* **Aim of the task**: The reply should hold only the lines below beginning at the one with "上午11点,长春城区上空飘起雪花,一位女士佩戴口罩和护目镜外出采购生活用品。" and ending at the one with "Aνοιχτή επιστολή που", copied exactly, with every picture left out.

* **Exercise material**:
================
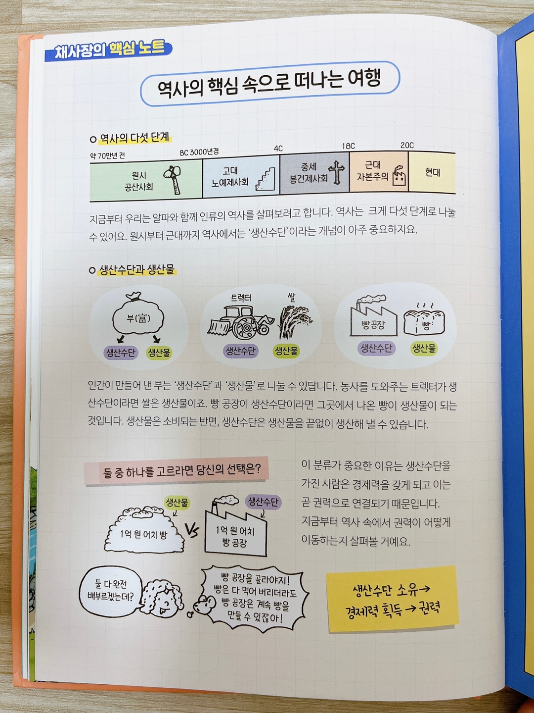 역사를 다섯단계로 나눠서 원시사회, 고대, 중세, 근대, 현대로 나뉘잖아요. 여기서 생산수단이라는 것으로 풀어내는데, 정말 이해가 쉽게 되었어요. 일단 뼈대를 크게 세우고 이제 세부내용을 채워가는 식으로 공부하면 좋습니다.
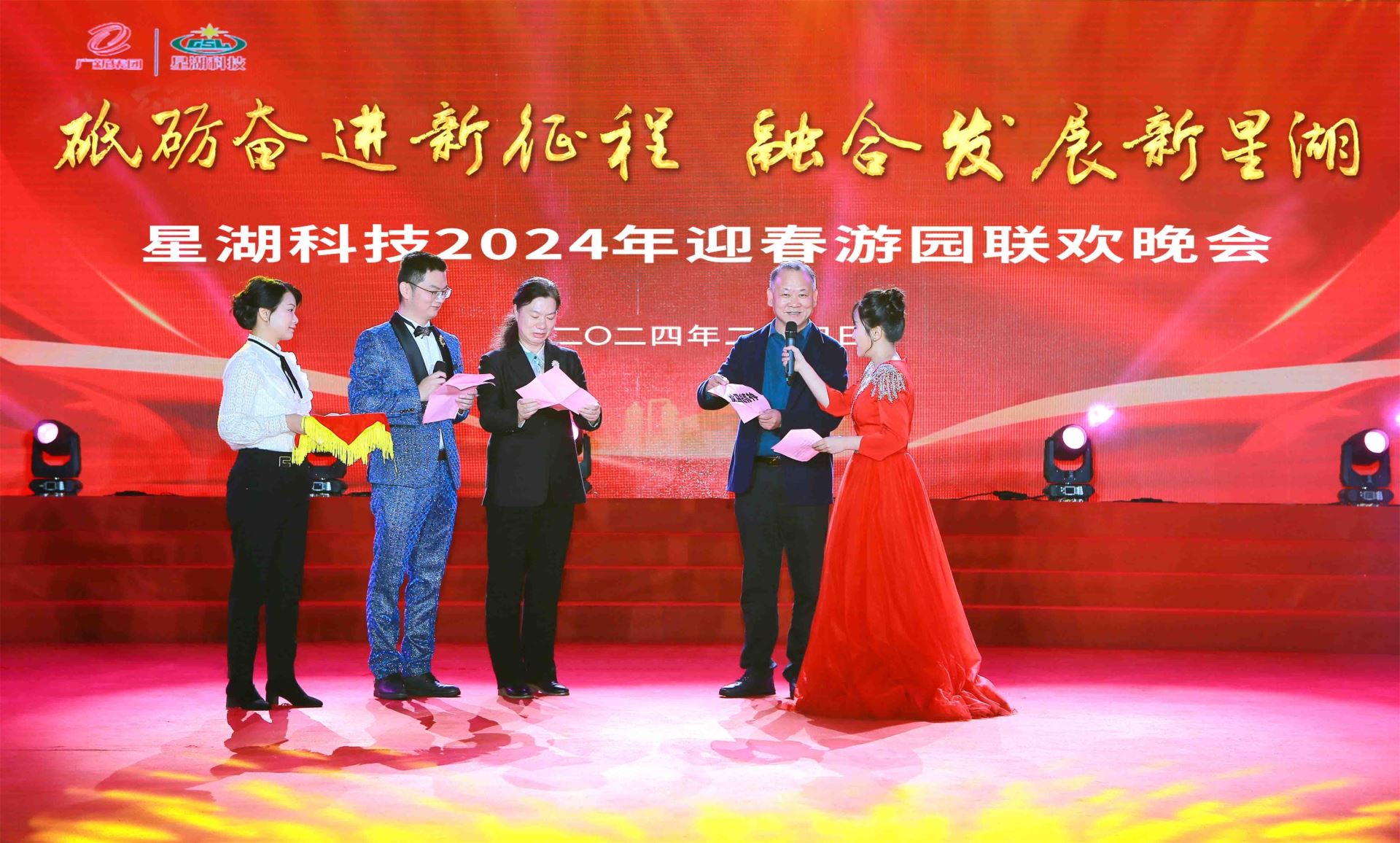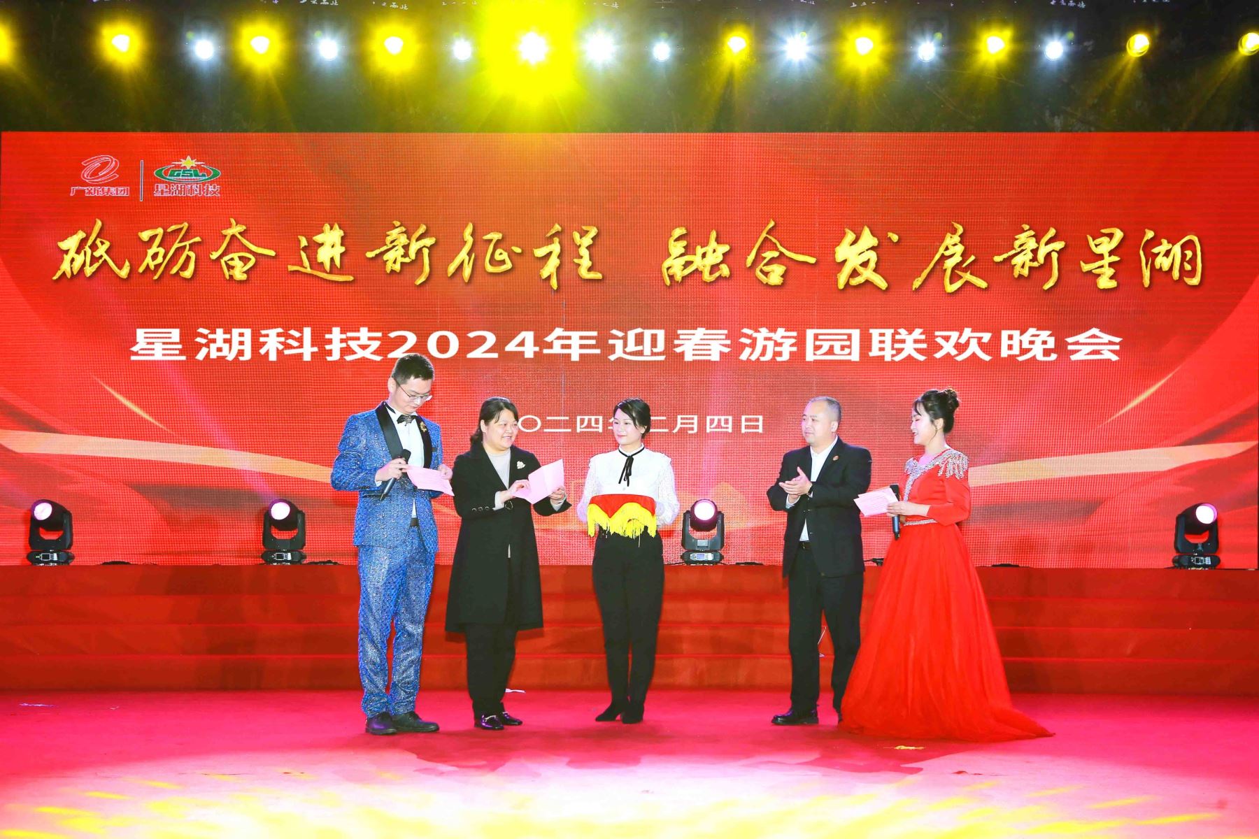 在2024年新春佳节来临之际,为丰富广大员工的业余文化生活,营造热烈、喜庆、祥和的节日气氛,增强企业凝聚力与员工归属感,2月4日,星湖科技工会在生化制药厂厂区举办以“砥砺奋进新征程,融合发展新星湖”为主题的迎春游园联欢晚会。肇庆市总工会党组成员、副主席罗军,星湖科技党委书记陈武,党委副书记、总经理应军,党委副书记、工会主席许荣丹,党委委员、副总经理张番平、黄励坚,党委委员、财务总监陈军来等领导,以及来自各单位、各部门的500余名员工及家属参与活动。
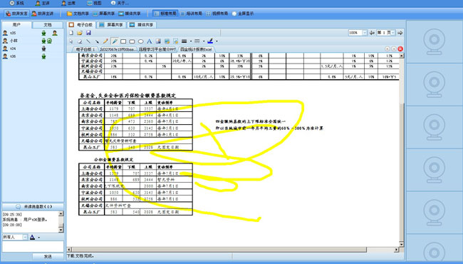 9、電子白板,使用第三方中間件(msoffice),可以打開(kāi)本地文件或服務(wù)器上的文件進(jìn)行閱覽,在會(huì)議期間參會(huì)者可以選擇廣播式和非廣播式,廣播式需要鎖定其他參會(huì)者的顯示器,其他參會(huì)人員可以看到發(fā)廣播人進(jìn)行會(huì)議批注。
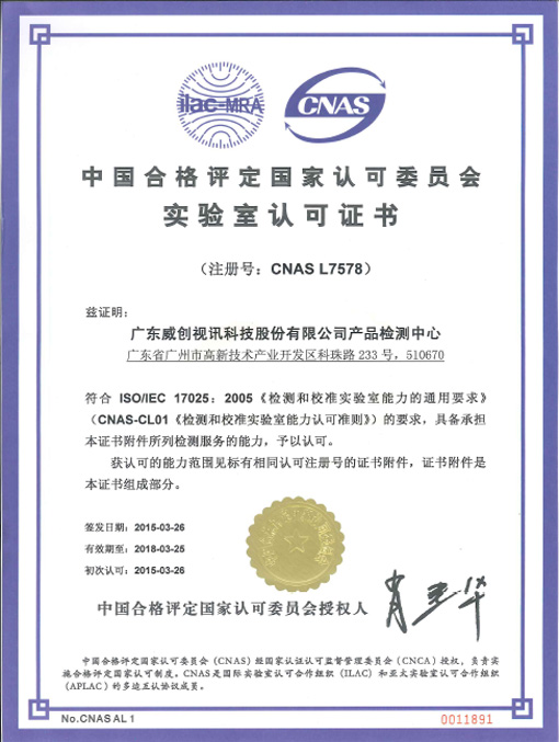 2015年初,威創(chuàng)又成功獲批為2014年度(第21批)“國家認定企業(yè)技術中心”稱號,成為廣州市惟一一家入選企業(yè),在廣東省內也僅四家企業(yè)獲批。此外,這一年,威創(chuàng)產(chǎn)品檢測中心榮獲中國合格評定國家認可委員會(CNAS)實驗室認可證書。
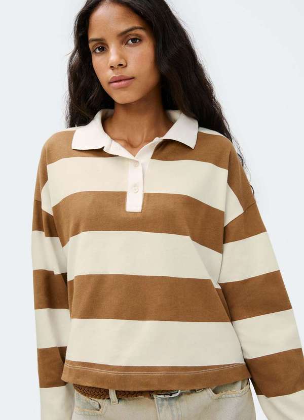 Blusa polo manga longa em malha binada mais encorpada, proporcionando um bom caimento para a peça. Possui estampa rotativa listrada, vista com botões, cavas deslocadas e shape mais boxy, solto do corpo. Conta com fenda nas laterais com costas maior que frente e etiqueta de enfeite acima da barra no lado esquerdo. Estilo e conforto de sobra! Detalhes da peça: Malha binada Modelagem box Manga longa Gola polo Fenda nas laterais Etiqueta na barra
================
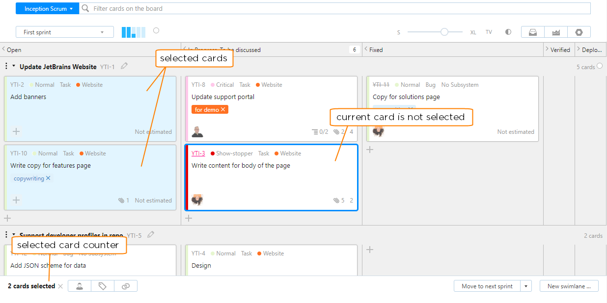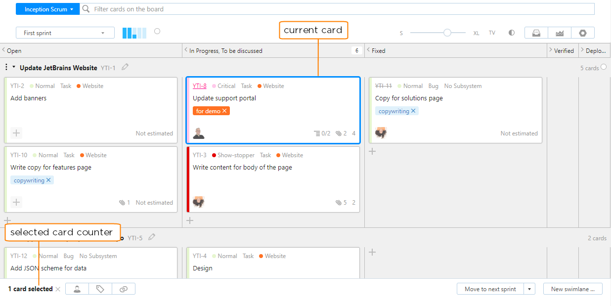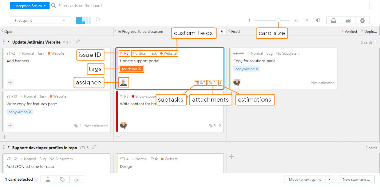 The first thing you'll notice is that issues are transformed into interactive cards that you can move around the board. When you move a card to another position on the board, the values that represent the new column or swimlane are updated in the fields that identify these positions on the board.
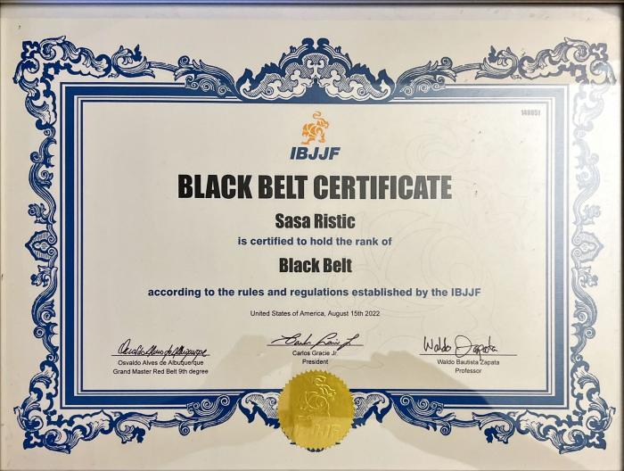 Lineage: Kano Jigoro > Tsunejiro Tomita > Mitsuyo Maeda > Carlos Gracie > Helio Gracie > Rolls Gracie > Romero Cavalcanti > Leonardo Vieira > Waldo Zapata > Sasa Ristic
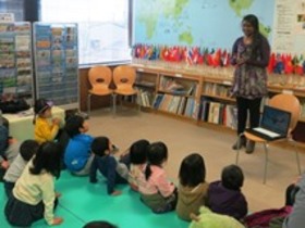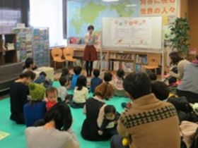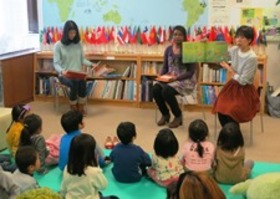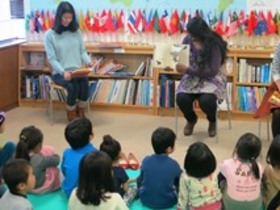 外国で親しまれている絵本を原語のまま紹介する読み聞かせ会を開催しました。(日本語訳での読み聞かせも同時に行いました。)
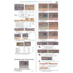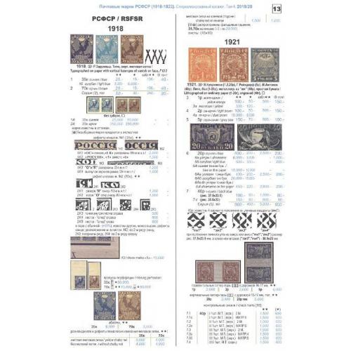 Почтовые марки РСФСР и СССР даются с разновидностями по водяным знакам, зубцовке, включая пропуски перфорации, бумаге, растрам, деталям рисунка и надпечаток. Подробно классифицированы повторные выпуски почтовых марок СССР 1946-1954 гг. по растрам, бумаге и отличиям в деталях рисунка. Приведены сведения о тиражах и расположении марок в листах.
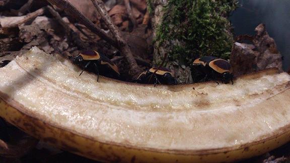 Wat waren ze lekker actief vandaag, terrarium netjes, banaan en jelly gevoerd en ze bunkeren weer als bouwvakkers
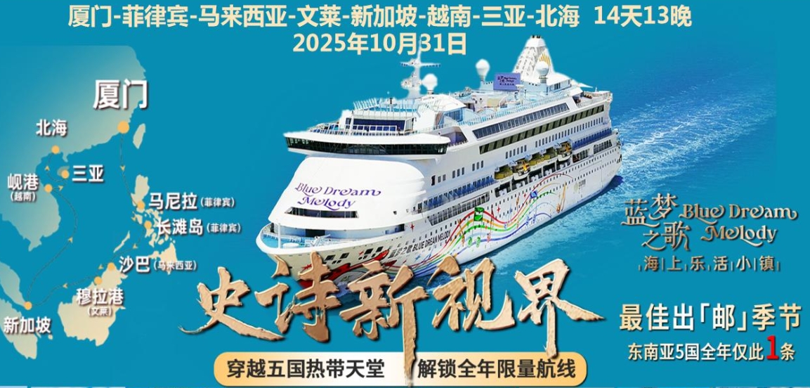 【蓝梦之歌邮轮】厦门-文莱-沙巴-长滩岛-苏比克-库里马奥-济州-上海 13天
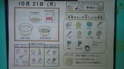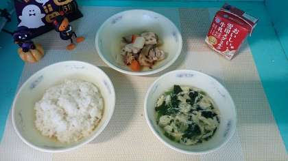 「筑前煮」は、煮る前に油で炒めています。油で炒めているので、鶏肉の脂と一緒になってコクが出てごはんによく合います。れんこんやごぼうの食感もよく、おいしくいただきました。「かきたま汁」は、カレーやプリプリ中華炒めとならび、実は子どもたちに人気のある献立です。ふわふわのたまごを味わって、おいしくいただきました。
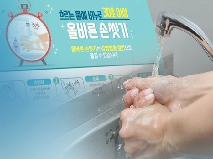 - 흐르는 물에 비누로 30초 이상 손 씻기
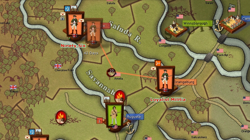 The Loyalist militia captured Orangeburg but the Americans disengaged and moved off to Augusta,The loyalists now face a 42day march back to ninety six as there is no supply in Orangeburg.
================
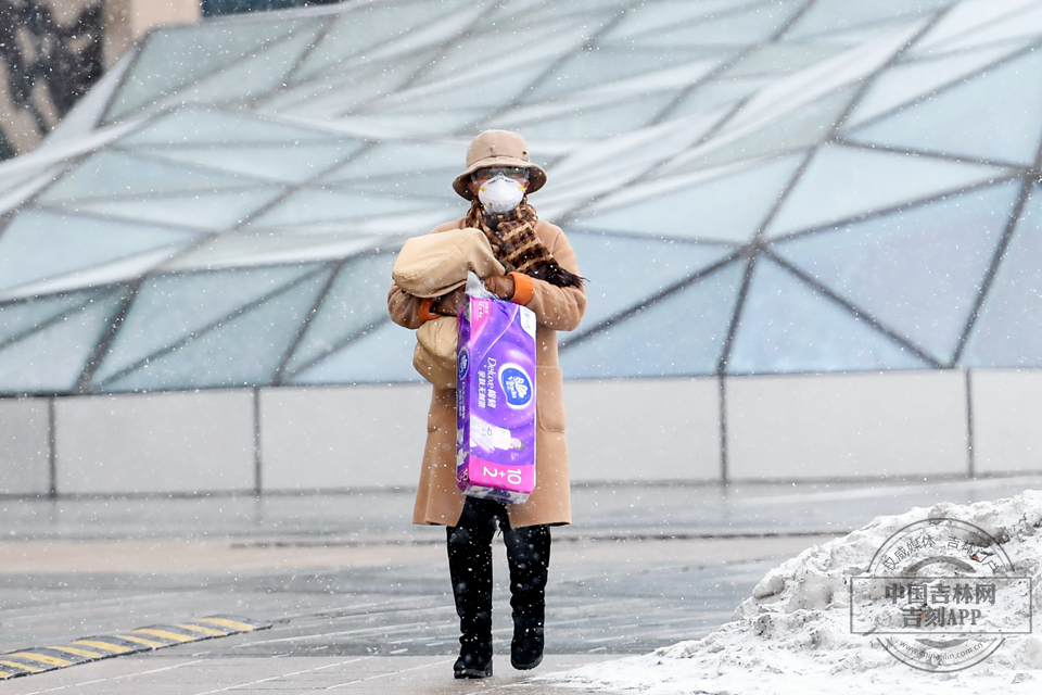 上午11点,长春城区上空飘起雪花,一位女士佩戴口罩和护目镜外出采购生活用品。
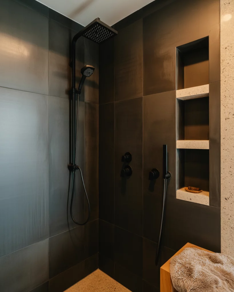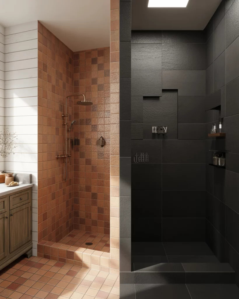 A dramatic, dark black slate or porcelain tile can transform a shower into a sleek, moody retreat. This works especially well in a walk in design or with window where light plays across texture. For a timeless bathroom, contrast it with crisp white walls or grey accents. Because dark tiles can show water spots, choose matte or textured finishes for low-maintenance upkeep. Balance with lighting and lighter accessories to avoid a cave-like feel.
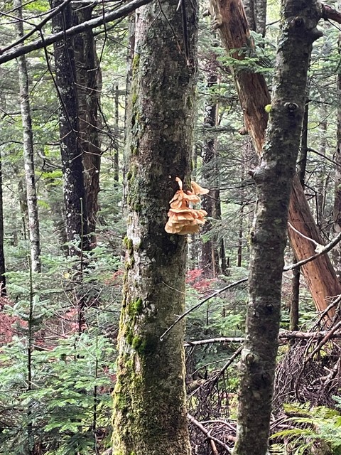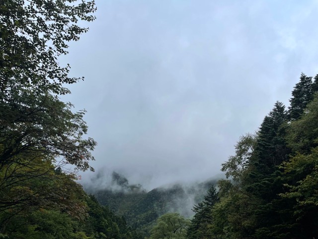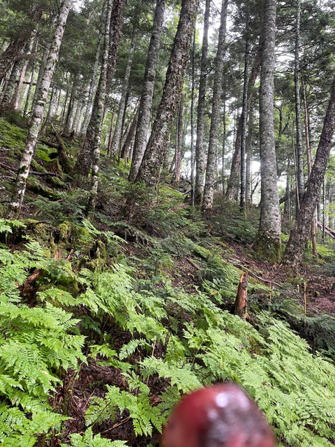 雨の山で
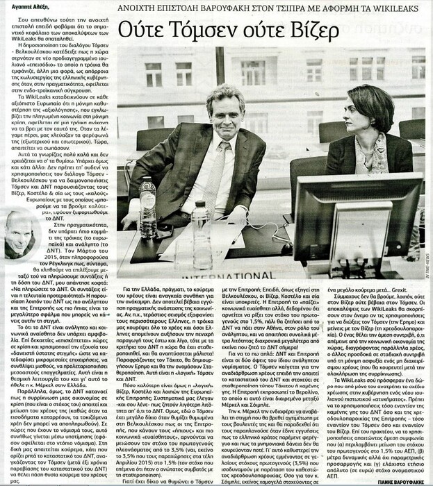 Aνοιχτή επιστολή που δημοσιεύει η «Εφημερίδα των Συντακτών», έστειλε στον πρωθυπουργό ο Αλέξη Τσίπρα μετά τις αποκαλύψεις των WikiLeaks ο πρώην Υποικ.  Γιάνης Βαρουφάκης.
================
* **Task output**:
 上午11点,长春城区上空飘起雪花,一位女士佩戴口罩和护目镜外出采购生活用品。
 A dramatic, dark black slate or porcelain tile can transform a shower into a sleek, moody retreat. This works especially well in a walk in design or with window where light plays across texture. For a timeless bathroom, contrast it with crisp white walls or grey accents. Because dark tiles can show water spots, choose matte or textured finishes for low-maintenance upkeep. Balance with lighting and lighter accessories to avoid a cave-like feel.
 雨の山で
 Aνοιχτή επιστολή που δημοσιεύει η «Εφημερίδα των Συντακτών», έστειλε στον πρωθυπουργό ο Αλέξη Τσίπρα μετά τις αποκαλύψεις των WikiLeaks ο πρώην Υποικ.  Γιάνης Βαρουφάκης.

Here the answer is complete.